A Disciplinarian
by
“There’s no doubt about it,” said the night watchman, “but what dissipline’s a very good thing, but it don’t always act well. For instance, I ain’t allowed to smoke on this wharf, so when I want a pipe I either ‘ave to go over to the ‘Queen’s ‘ed,’ or sit in a lighter. If I’m in the ‘Queen’s ‘ed’ I can’t look arter the wharf, an’ once when I was sitting in a lighter smoking the chap come aboard an’ cast off afore I knew what he was doing, an’ took me all the way to Greenwich. He said he’d often played that trick on watchmen.
“The worst man for dissipline I ever shipped with was Cap’n Tasker, of the Lapwing. He’d got it on the brain bad. He was a prim, clean-shaved man except for a little side-whisker, an’ always used to try an’ look as much like a naval officer as possible.

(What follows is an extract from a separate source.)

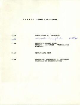 Agendas de actividades oficiales correspondientes a los días 7, 5 y 4 de diciembre y 28 de noviembre, detallando reuniones, audiencias, entrevistas, ceremonias y graduaciones con autoridades civiles, diplomáticas, policiales y judiciales

“I never ‘ad no sort of idea what he was like when I jined the ship, an’ he was quite quiet and peaceable until we was out in the open water. Then the cloven hoof showed itself, an’ he kicked one o’ the men for coming on deck with a dirty face, an’ though the man told him he never did wash becos his skin was so delikit, he sent the bos’en to turn the hose on him.
“The bos’en seemed to take a hand in everything. We used to do everything by his whistle, it was never out of his mouth scarcely, and I’ve known that man to dream of it o’ nights, and sit up in his sleep an’ try an’ blow his thumb. He whistled us to swab decks, whistled us to grub, whistled us to every blessed thing.
“Though we didn’t belong to any reg’ler line, we’d got a lot o’ passengers aboard, going to the Cape, an’ they thought a deal o’ the skipper. There was one young leftenant aboard who said he reminded him o’ Nelson, an’ him an’ the skipper was as thick as two thieves. Nice larky young chap he was, an’ more than one o’ the crew tried to drop things on him from aloft when he wasn’t looking.
“Every morning at ten we was inspected by the skipper, but that wasn’t enough for the leftenant, and he persuaded the old man to drill us. He said it would do us good an’ amuse the passengers, an’ we ‘ad to do all sorts of silly things with our arms an’ legs, an’ twice he walked the skipper to the other end of the ship, leaving twenty-three sailor-men bending over touching their toes, an’ wondering whether they’d ever stand straight again.
“The very worst thing o’ the lot was the boat-drill. A chap might be sitting comfortable at his grub, or having a pipe in his bunk, when the bos’en’s whistle would scream out to him that the ship was sinking, an’ the passengers drownding, and he was to come an’ git the boats out an’ save ’em. Nice sort o’ game it was too. We had to run like mad with kegs o’ water an’ bags o’ biscuit, an’ then run the boats out an’ launch ’em. All the men were told off to certain boats, an’ the passengers too. The only difference was, if a passenger didn’t care about taking a hand in the game he didn’t, but we had to.
“One o’ the passengers who didn’t play was Major Miggens. He was very much agin it, an’ called it tomfoolery; he never would go to his boat, but used to sit and sneer all the time.
“‘It’s only teaching the men to cut an’ run,’ he said to the skipper one day; ‘if there ever was any need they’d run to the boats an’ leave us here. Don’t tell me.’
“‘That’s not the way I should ha’ expected to hear you speak of British sailors, major,’ ses the skipper rather huffy.